# D90 Settings for Triggering a Studio Flash with a Hot Shoe Adaptor



## Roger3006 (Jul 2, 2012)

Hello Everyone

I have been through this before and I am sure there is a thread on this subject but I cannot find it.

I am trying to fire my Norman P2000D via a hot shoe adaptor with a cable.  The adaptor and cable check out fine.  I used it with another camera and it works.

I sent my camera to KEH and they, by my request, reset everything back to factory defaults.  I have tried everything I can think of to make it fire my flash  and it refuses.

Something else I noticed.  The menu selections for the MD-80 are active.  I do not have a MD-80 installed.  I do not remember these options being active in the past.

I tried an old Nikon SB-28 Speedlight and it did not fire either.  It works on ohter cameras like my F4.

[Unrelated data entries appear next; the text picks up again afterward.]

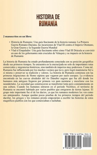 2 manuscritos completos en 1 libroHistoria de Rumania: Una guía fascinante de la historia rumana: La Primera Guerra Romano-Daciana, las incursiones de Vlad III contra el Imperio Otomano, la Gran Guerra y la Segunda Guerra Mundial Vlad el Empalador: Una guía fascinante sobre cómo Vlad III Drácula se convirtió en uno de los gobernantes más cruciales de Valaquia y su impacto en la historia de Rumanía Rumania fue reconocida internacionalmente en 1878, pero su historia es mucho más antigua. Para entender a la gente que habita este país, hay que retroceder miles de años y conocer al primer rey que…mehr
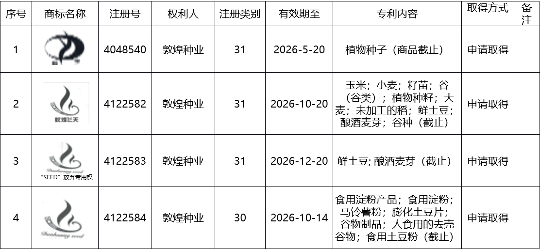 甘肅省敦煌種業(yè)集團股份有限公司商標(biāo)續(xù)展詢價公告
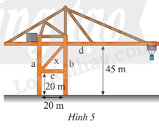 Trên cần trục ở Hình 5, hai trụ a và b đứng cách nhau 20 m, hai xà ngang c và d lần lượt có độ cao 20 m và 45 m so với mặt đất. Xà chéo x có độ dài bao nhiêu mét (kết quả làm tròn đến hàng đơn vị)?
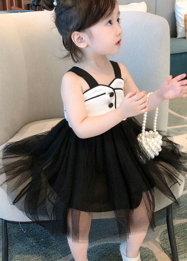Art Black Wrinkled Patchwork Tulle Kids Girls Dress Sleeveless

I am shooting in the manual mode.  How do I set the camera to trigger the hot shoe when I shoot the camera (thought about shooting it with a 12 gauge).


I was doing some product photography in another location and it worked fine.  I set up a studio in my home and it is not working.   I am getting just a little frustrated.  I know it is something simple but I cannot remember what it is.  I do know it is time for me to go to bed.

I need help like a dead man needs a coffin.

Thank you and yall have a great week.


Roger


----------



## Mach0 (Jul 2, 2012)

grits said:
			
		

> Hello Everyone
> 
> I have been through this before and I am sure there is a thread on this subject but I cannot find it.
> 
> ...



By placing a flash in the shoe ( except auto mode ) 
It should fire as long as its compatible.


----------



## Roger3006 (Jul 2, 2012)

Thank you

That is what thought. 

Has anyone else experienced this problem?

Roger


----------



## gsgary (Jul 2, 2012)

Have you blown your cameras flash circuit ? is the voltage on the Norman too high for your camera ? always better to use radio triggers just in case of the voltage


----------



## Roger3006 (Jul 2, 2012)

I do not know.  The internal flash works fine.  The power of the flash should not matter.  All you are doing is closing a circuit.

Thanks,

Grits


----------



## gsgary (Jul 2, 2012)

grits said:


> I do not know.  The internal flash works fine.  The power of the flash should not matter.  All you are doing is closing a circuit.
> 
> Thanks,
> 
> Grits



The trigger voltage matters http://www.photographers.co.uk/html/studio-flash.cfm


----------



## Roger3006 (Jul 2, 2012)

I stand corrected; however, it has worked fine for months.

Thanks for the link,

Roger


----------



## morganza (Jul 3, 2012)

gsgary said:


> grits said:
> 
> 
> > I do not know.  The internal flash works fine.  The power of the flash should not matter.  All you are doing is closing a circuit.
> ...



Oh, thanks for the link!


----------